Mahabharata of Vyasa (Badarayana, krishna-dwaipayana) translated by Kisari Mohan Ganguli is perhaps the most complete translation available in public domain. Mahabharata is the most popular scripture of Hindus and Mahabharata is considered as the fifth veda. We hope this translation is helping you.

p. 190

Section LXXXIX

(Sambhava Parva continued)

"Yayati said, 'I am Yayati, the son of Nahusha and the father of Puru. Cast off from the region of the celestials and of Siddhas and Rishis for having disregarded every creature, I am falling down, my righteousness having sustained diminution. In years I am older than you; therefore, I have not saluted you first. Indeed, the Brahmanas always reverence him who is older in years or superior in learning or in ascetic merit.'

"Ashtaka then replied, 'Thou sayest, O monarch, that he who is older in years is worthy of regard. But it is said that he is truly worthy of worship who is superior in learning and ascetic merit.'

"Yayati replied to this, 'It is said that sin destroyeth the merits of four virtuous acts. Vanity containeth the element of that which leadeth to hell. The virtuous never follow in the footsteps of the vicious. They act in such a way that their religious merit always increaseth. I myself had great religious merit, but all that, however, is gone.

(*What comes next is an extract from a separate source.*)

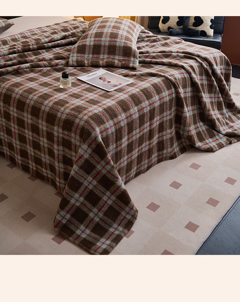 商品名称:早晨家纺 2025新款230g羊驼绒复古格牛奶绒床单 雾里青格

I will scarcely be able to regain it even by my best exertions. Beholding my fate, he that is bent upon (achieving) his own good, will certainly suppress vanity. He who having acquired great wealth performeth meritorious sacrifices, who having acquired all kinds of learning remaineth humble, and who having studied the entire Vedas devoteth himself to asceticism with a heart withdrawn from all mundane enjoyments, goeth to heaven. None should exult in having acquired great wealth. None should be vain of having studied the entire Vedas. In the world men are of different dispositions. Destiny is supreme. Both power and exertion are all fruitless. Knowing Destiny to be all-powerful, the wise, whatever their portions may be, should neither exult nor grieve. When creatures know that their weal and woe are dependent on Destiny and not on their own exertion or power, they should neither grieve nor exult, remembering that Destiny is all powerful. The wise should ever live contented, neither grieving at woe nor exulting at weal. When Destiny is supreme, both grief and exultation are unbecoming. O Ashtaka, I never suffer myself to be overcome by fear, nor do I ever entertain grief, knowing for certain that I shall be in the world what the great disposer of all hath ordained. Insects and worms, all oviparous creatures, vegetable existences, all crawling animals, vermin, the fish in the water, stones, grass, wood--in fact, all created things, when they are freed from the effects of their acts, are united with the Supreme Soul. Happiness and misery are both transient. Therefore, O Ashtaka, why should I grieve? We can never know how we are to act in order to avoid misery. Therefore, none should grieve for misery.'

"Possessed of every virtue, king Yayati who was the maternal grandfather of Ashtaka, while staying in the welkin, at the conclusion of his

p. 191

speech, was again questioned by Ashtaka. The latter said, 'O king of kings, tell me, in detail, of all those regions that thou hast visited and enjoyed, as well as the period for which thou hast enjoyed each. Thou speakest of the precepts of religion even like the clever masters acquainted with the acts and sayings of great beings!' Yayati replied, 'I was a great king on Earth, owning the whole world for my dominion. Leaving it, I acquired by dint of religious merit many high regions. There I dwelt for a full thousand years, and then I attained to a very high region the abode of Indra, of extraordinary beauty having a thousand gates, and extending over a hundred yojanas all round. There too, I dwelt a full thousand years and then attained to a higher region still. That is the region of perfect beatitude, where decay never exists, the region, viz., that of the Creator and the Lord of Earth, so difficult of attainment. There also I dwelt for a full thousand years, and then attained to another very high region viz., that of the god of gods (Vishnu) where, too, I had lived in happiness. Indeed, I dwelt in various regions, adored by all the celestials, and possessed of prowess and splendour equal unto those of the celestials themselves. Capable of assuming any form at will, I lived for a million years in the gardens of Nandana sporting with the Apsaras and beholding numberless beautiful trees clad in flowery vesture and sending forth delicious perfume all round. And after many, many years had elapsed, while still residing there in enjoyment of perfect beatitude, the celestial messenger of grim visage, one day, in a loud and deep voice, thrice shouted to me--Ruined! Ruined! Ruined!--O lion among kings, this much do I remember. I was then fallen from Nandana, my religious merits gone! I heard in the skies, O king, the voices of the celestials exclaiming in grief,--Alas! What a misfortune! Yayati, with his religious merits destroyed, though virtuous and of sacred deeds, is falling!--And as I was falling, I asked them loudly, 'Where, ye celestials, are those wise ones amongst whom I am to fall?' They pointed out to me this sacred sacrificial region belonging to you. Beholding the curls of smoke blackening the atmosphere and smelling the perfume of clarified butter poured incessantly upon fire, and guided thereby, I am approaching this region of yours, glad at heart that I come amongst you.'"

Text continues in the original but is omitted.